Tuesday, May 24, 2011

What I Learned from Last Night's Bachelorette

Whatever. Laugh at my post's title. I don't care. I watch the ABC show "The Bachelor/Bachelorette". A lot of you watch it and are too ashamed to admit it. I get that. My significant other got me into it a few years ago (I hated it at first, wanted to barf at the screen, but, much like Stockholm Syndrome, I have come to have empathy and even a little love for my captors). God help me, I enjoy watching fleets of men humiliate themselves for a shot at marrying a woman who inevitably reminds me of that girl I dated in high school and then, one week in, started faking illnesses to avoid.

For the uninitiated, last night marked the first episode of the 7th season of The Bachelorette. I'm not going to go into any more detail because, well, my grandkids may see this post someday, and I want them to have a shred of dignity left by the time they finish reading it. So anyway, here's my point: this guy Jeff, one of Ashley Hebert's (that's "Hebert" with a silent "H" and "t") potential love interests, entered the "mansion" last night wearing a facemask.

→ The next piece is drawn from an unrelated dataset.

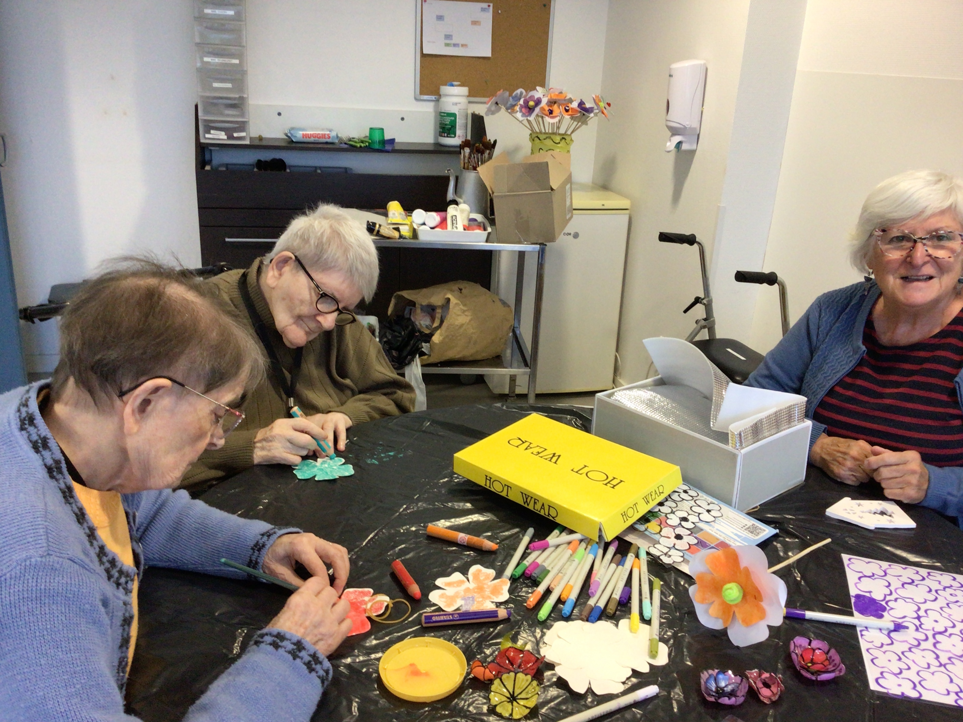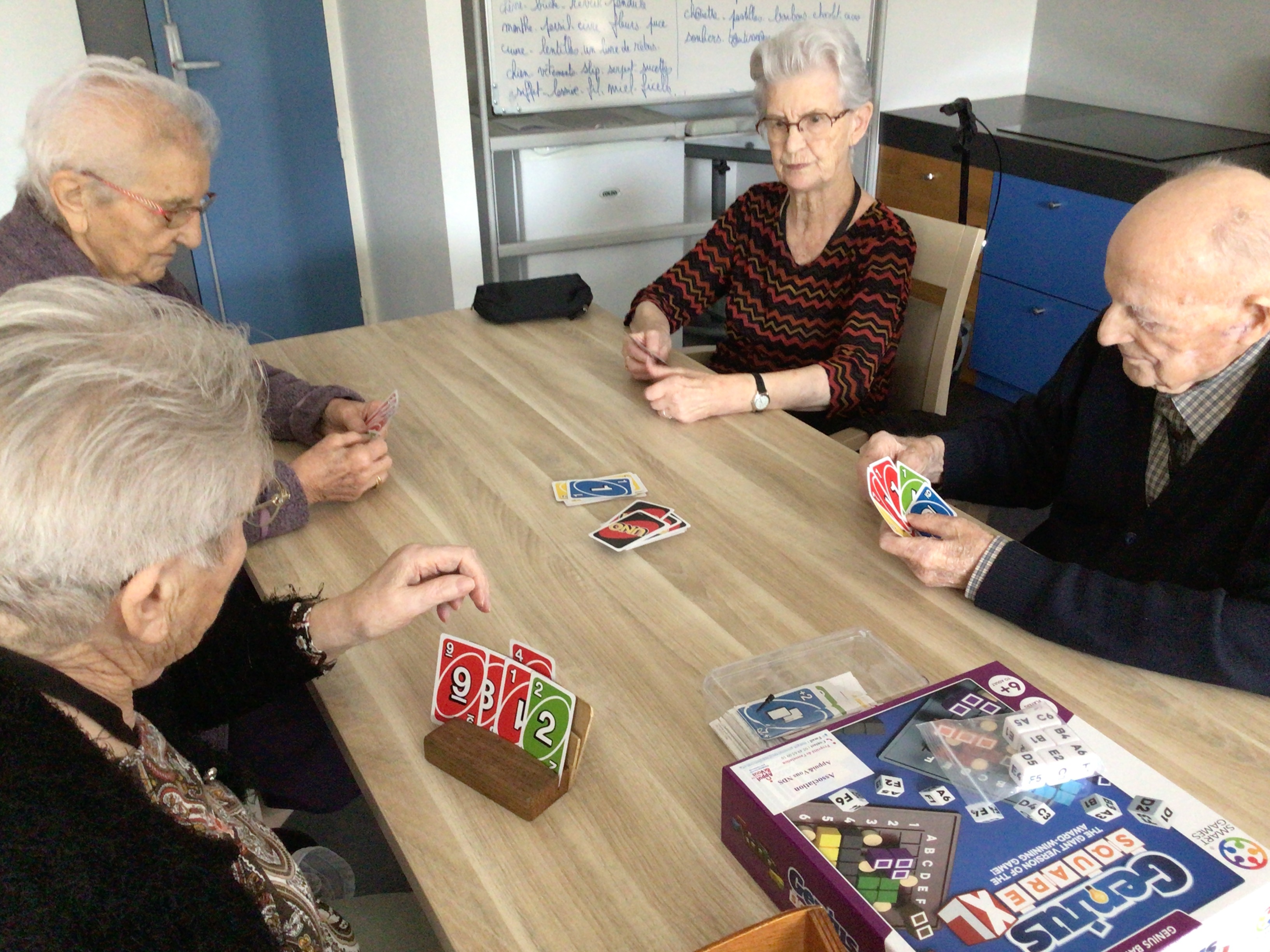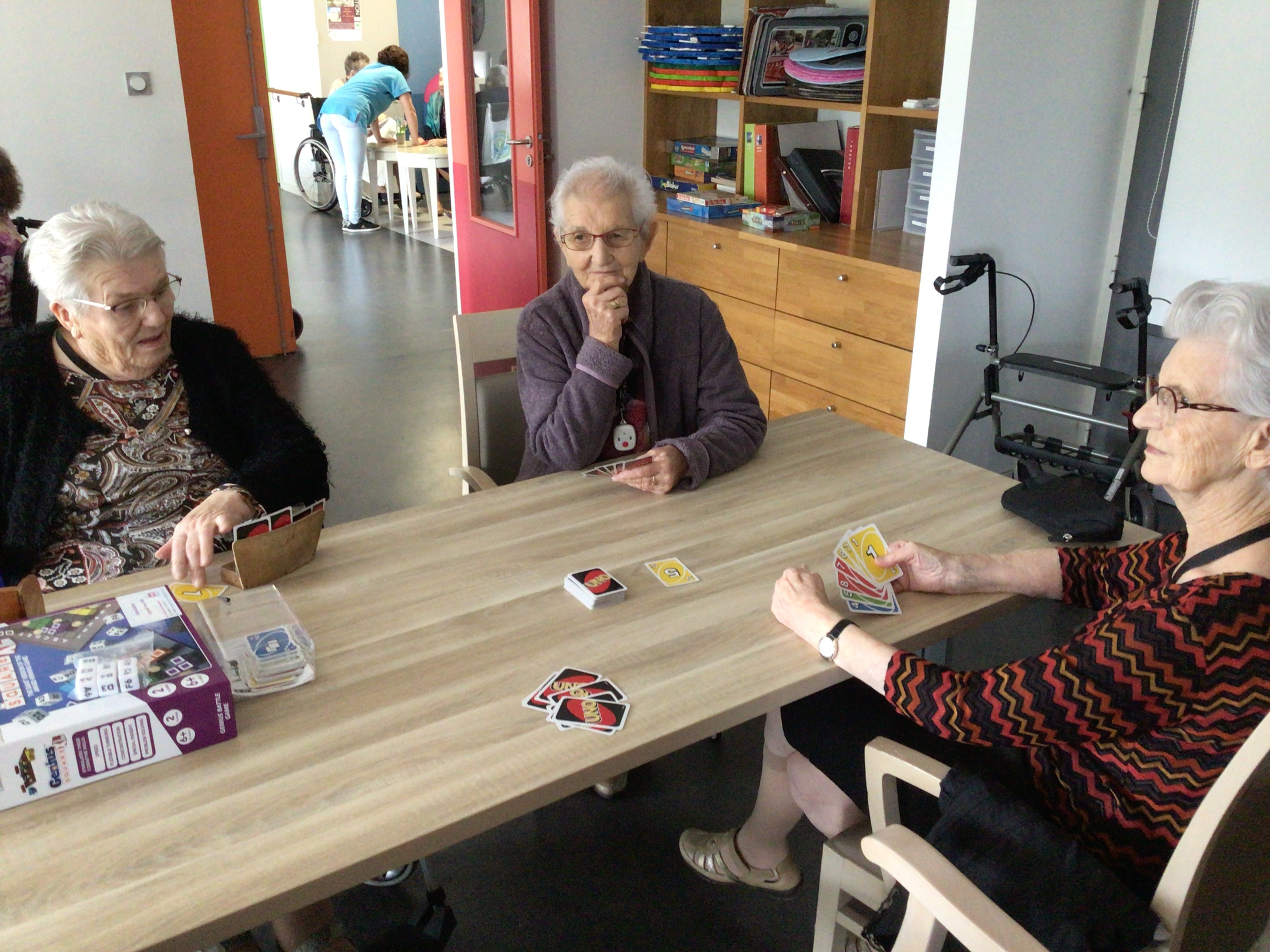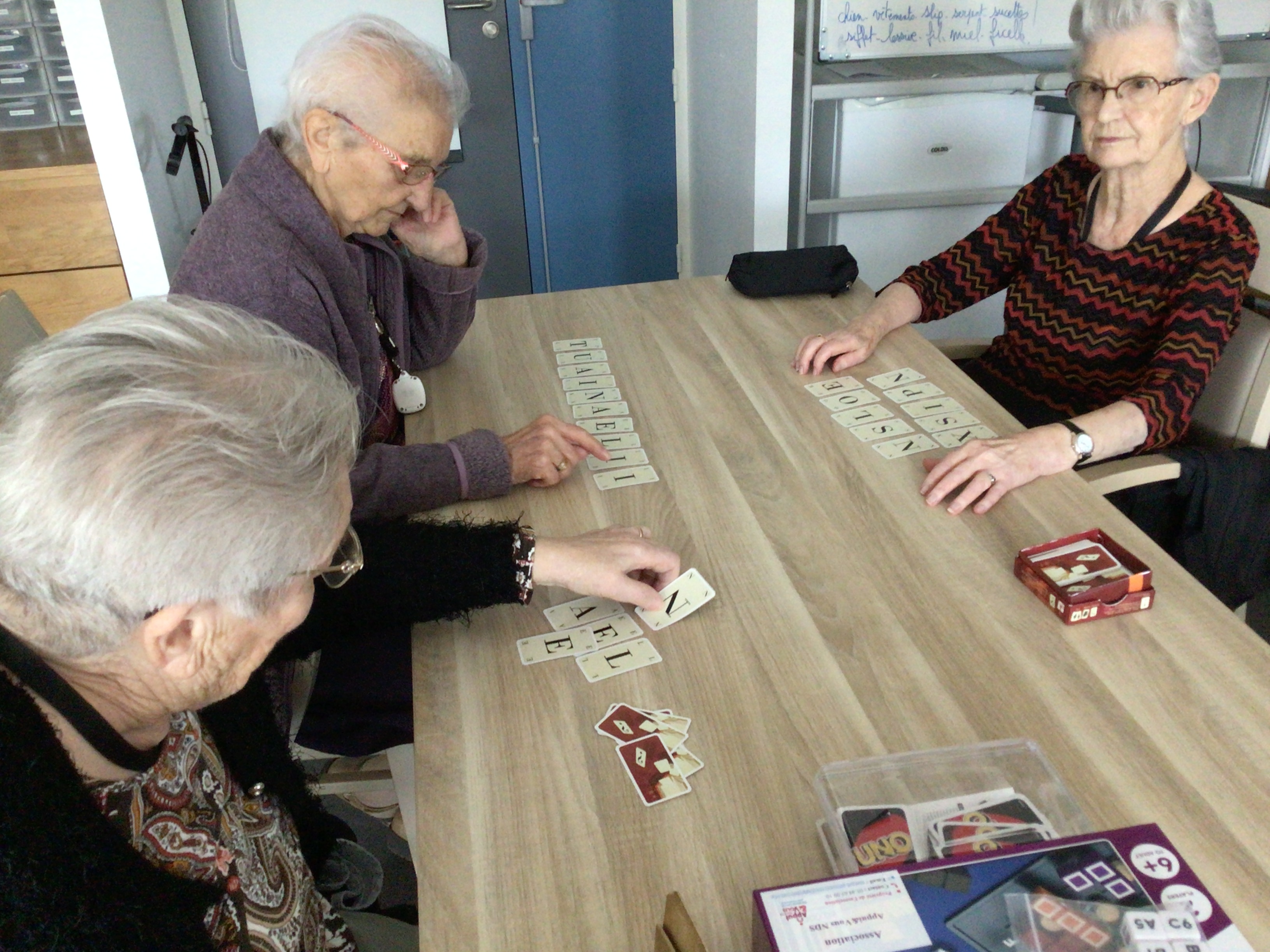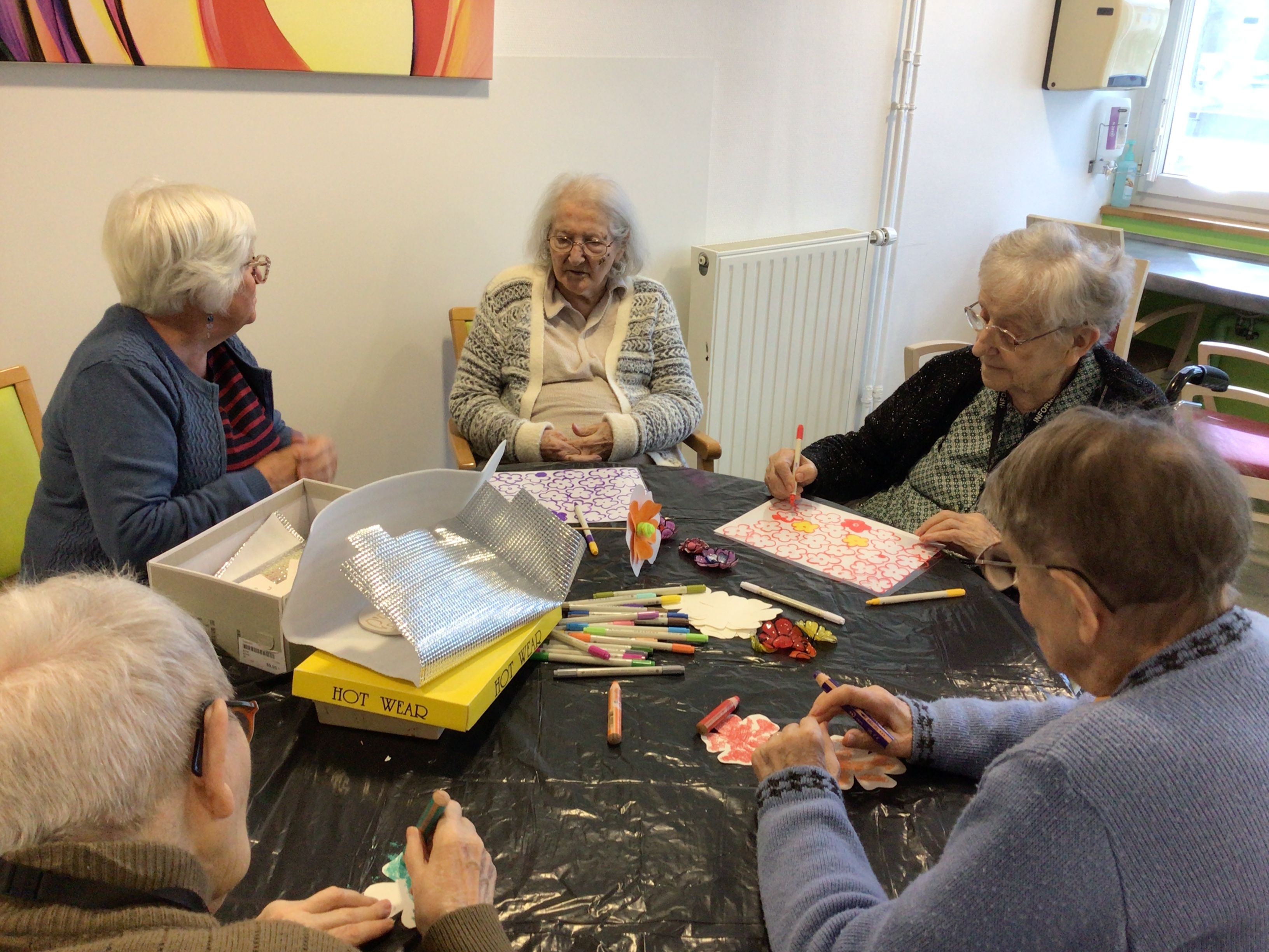 Activités collectives cet après-midi avec le nouveau groupe d'Art thérapie encadré par Brigitte Art thérapeuthe , et les jeux de société avec notre bénévole Marguerite.

Not a SARS facemask. Or a catcher's mask. I'm talking a full-blown, Mardi-Gras-meets-Batman black mask that obscured half his face. It seemed creepy to me at first, as it did to several of the other men in the cattle herd. But as the night wore on (somewhere in the second hour of the show), I started to see his point. As guys bent themselves into pretzels pouting their lips and waxing faux-philosophic, Jeff lurked in the background, taking it all in.

During his confessionals, Jeff kept saying that we live in a society that puts so much emphasis on appearance that he wanted to take his own appearance out of the game. If he got a rose at the end of the night, he implied, it would be for the right reasons--because he's a person of substance--and not because he's some smoking hot GQ model. Which, judging by his hangdog cheeks and stubble, I doubt he is anyway.

Fast forward to 11:00 and Batman did indeed get a rose. I know it's stupid, but I felt good for the guy. I don't know if he'll take off his mask during the show (part of me hopes he doesn't, just because of how much it creeps the other stiffs out), but he made his point loud and clear.

And, even though there are a million more intellectually noble things I could be devoting brain space to, Jeff's stunt got me thinking. When indie authors pay to have a beautiful cover made, when they mount a well-designed marketing campaign, when they say all the right things on their guest blogging tour and post funny entries to their super-sleek website, to me, that's akin to what all the other Bachelorette contestents did last night: they gave Ashley gifts of wine bottles, they picked her up to show how manly they were, they recited (lame) poems to her as they furrowed their heavy brows. But not one of them said much of substance to her. They were just pretty ephemera.

But not Jeff.

Though the dude didn't say much (he pretty much just held up a mirror to the asses who panicked at how weird he was), he articulated exactly what a good book should do: he was different and he had a purpose for being different. You should do everything you can so that your book stands out, but make sure that once you've achieved the "standing out" part of your grand plan, the reader is rewarded by reading something spectacular. I only hope Jeff doesn't turn out to be Bruce Lame.